De Croo : le double avertissement, l’édito de Fabrice Grosfilley
Ce mardi, Fabrice Grosfilley évoque dans son édito le discours d’Alexander De Croo devant les étudiants en sciences politiques de l’université de Gand dans lequel il défend son gouvernement.
« Il faudra des efforts de tout le monde. Celui qui affirme que les autorités peuvent compenser à 100 % raconte des bêtises. » Ces propos sont ceux tenus aujourd’hui par Alexander De Croo et le Premier ministre faisait évidemment référence au prix de l’énergie.
Cette nouvelle déclaration, le Premier ministre l’a prononcée devant un parterre d’étudiants. C’est la tradition pour les étudiants en sciences politiques de l’université de Gand. À chaque rentrée universitaire, ils ont droit à une leçon inaugurale prononcée par un décideur politique de premier plan. Elio di Rupo, Bart De Wever, Herman Van Rompuy, Paul Magnette ont tous eu droit à cet honneur. Pour ces orateurs, l’exposé est l’occasion d’adresser un message aux étudiants et surtout au grand public.
Très logiquement, Alexander De Croo a donc profité de cette tribune pour défendre l’action de son gouvernement. Interrogé sur le prix de l’énergie, mais aussi sur le prix des spaghettis au restaurant universitaire, cela ne s’invente pas, le Premier ministre a mis en avant les mesures déjà décidées par le gouvernement Vivaldi, tarif social, baisse de la TVA et a évoqué la prochaine taxation des superprofits. Et puis cette fameuse phrase : “celui qui affirme que les autorités peuvent compenser à 100 % raconte des bêtises ».
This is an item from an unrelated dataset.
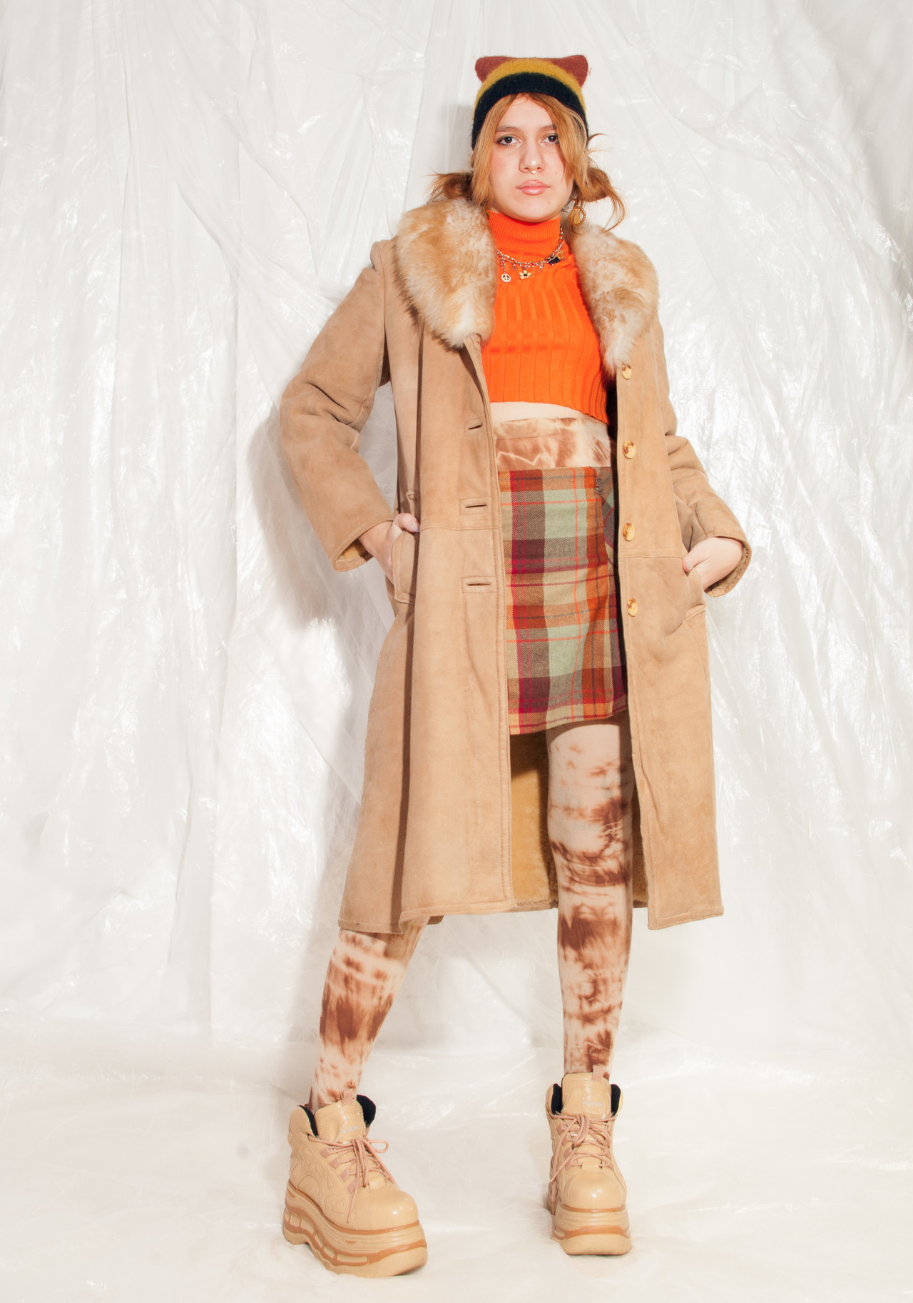 This Penny Lane-style vintage shearling coat just arrived through our time tunnel from the 70s, and it is still in good condition — its only fault is a small hole in one of its sleeves. The coat itself features a beige suede surface with real fur inside, a button closure and two pockets. Grab this gem before someone else does.

► Lire aussi : La hausse des prix de l’énergie frappe durement les Bruxellois
On doit reconnaître à Alexander De Croo le mérite de la continuité. Le libéral flamand avait déjà alerté en annonçant que nous allions vers 5 à 10 hivers difficiles. En indiquant que tout le monde doit se préparer à faire des efforts, il récidive. C’est plutôt une posture inhabituelle pour un Premier ministre dont le discours est traditionnellement d’inspirer la confiance et d’œuvrer à la stabilité. Ces petites phrases, qui n’ont l’air de rien, sont bien un positionnement politique. Quand Alexander De Croo indique que l’État providence ne peut pas tout, il utilise sa carrure de Premier ministre pour contrecarrer les ardeurs de ses partenaires de gauche qui voudraient des aides plus conséquentes en faveur des classes populaires.
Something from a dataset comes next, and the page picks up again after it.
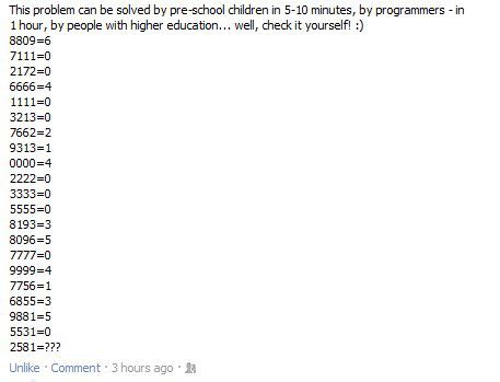 Pro neangličtináře: Tento problém zvládnou vyřešit předškolní děti za 5 - 10 minut, programátoři za hodinu a lidé s vyšším vzděláním za... no, zkuste si to sami.

Dans ce discours aux étudiants, il y a une deuxième idée importante qui a été développée par le Premier ministre. C’est l’idée que la démocratie fonctionne et que le politique trouve des réponses.« Nous pouvons traverser (les crises) en tant que société, a-t-il glissé, pour un pays où rien n’est possible et où le politique ne peut plus prendre aucune décision, nous avons pourtant une économie parmi les plus innovantes du monde avec un des meilleurs systèmes de sécurité sociale”. Et Alexander De Croo d’adresser une sorte d’avertissement aux étudiants : appeler à avoir un dirigeant fort est la plus grosse erreur qu’on puisse faire. On ne doit avoir qu’une seule priorité, une société forte.
Cette mise en garde contre la tentation du dirigeant fort, elle n’est pas anodine. Après les derniers scrutins en Suède ou en Italie, en plein traumatisme énergétique, on voit bien que la thématique du coup de balai et du changement de système trouve des militants zélés sur les réseaux sociaux et ailleurs. Nos démocraties ne sont pas inattaquables. En France, c’est la crise des gilets jaunes qui a matérialisé le sentiment de colère et de rejet de la classe politique. En Grande-Bretagne, aux Pays-Bas, aux États-Unis et au Brésil, c’est le succès des discours populistes.
En Belgique aussi, les raisons d’entre en colère ne manquent pas. Qu’on partage ou pas les options politiques et économiques d’Alexander de Croo, rappeler que la tentation autoritaire n’est pas une option est plutôt bienvenue. Et ce ne sont pas les scores réalisés par le VB dans les sondages qui nous feront dire le contraire.